Back in the mercury repository I needed to point the boehm_gc submodule to a different branch, Depending on which option we chose above we may need to update the branch name that the Mercury repository refers to.

  1. The branch name has not changed

  2. The branch name was release-7_4_mercury and is now release-7_6-mercury. The branch is adjusted by editing .gitmodules

    $ vim .gitmodules
    

In any case you will need to tell git that the branches have been updated, and these submodules should now refer to different git IDs.

$ git submodule update --remote --checkout
$ git add .gitmodules boehm_gc
$ git commit

Once done, bootcheck the compiler in at least the asm_fast.gc and hlc.gc grades. Then use the new system to do an install (with non-empty LIBGRADES) and test that the installed version can compile some test programs. This is because the update may have added some new files which may not be copied into the install directories. Some build scripts may also need to be updated (in particular tools/bootcheck and scripts/prepare_install_dir.in).

Finally update .README.in (in the root directory) and bindist/bindist.README to reflect the current version of the collector being used. Then commit these changes and have the changes reviewed before pushing them into the public repository.

Modifying Mercury's customisations to the Boehm GC

It is sometimes necessary to modify the files in the boehm_gc directory that we have customised while not updating the collector. For example, the set of options accepted by the mgnuc script may change and boehm_gc/Mmakefile or boehm_gc/Makefile.direct may need to be updated accordingly.

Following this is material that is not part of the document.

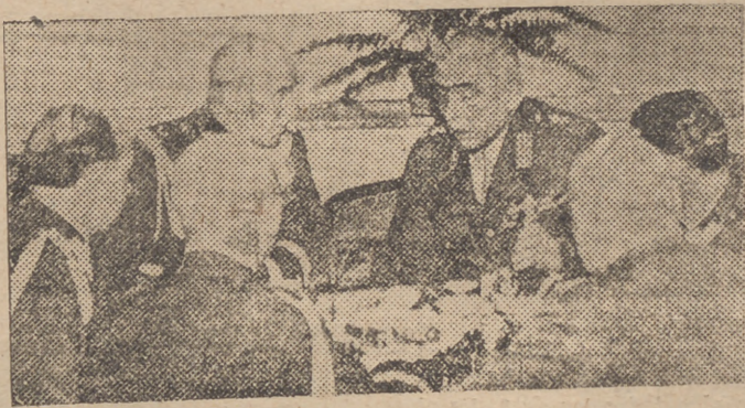
En esta fotografía, obtenida en Varsovia aparecen el inspector general de los ejércitos de mar y tierra británicos, Edmundo Ironside; el mariscal polaco Smigly; el ministro polaco de la Guerra, general Kasprzski; el general Noewid Neugebauer; el general Litwinowicz y el general Stachewicz durante una reunión celebrada recientemente en la capital polaca

The procedure for doing this is:
  1. Clone the Mercury bdwgc repository.
  2. Checkout the release-M_N-mercury branch of the collector, where M and N are respectively the major and minor release numbers of version of the collector that Mercury is currently using.
  3. Make your changes and commit them.
  4. Add an annotated tag (git tag -a) named release-M_N-mercury-YYYYMMDD where YYYYMMDD is the date.
  5. Push the changes and the tag.
  6. Checkout the above tag in the mercury/boehm_gc submodule.
  7. The output of the git status command will say that boehm_gc has been modified. You can git add and commit that change.
  8. Remind other developers to run git submodule update --recursive in their workspaces.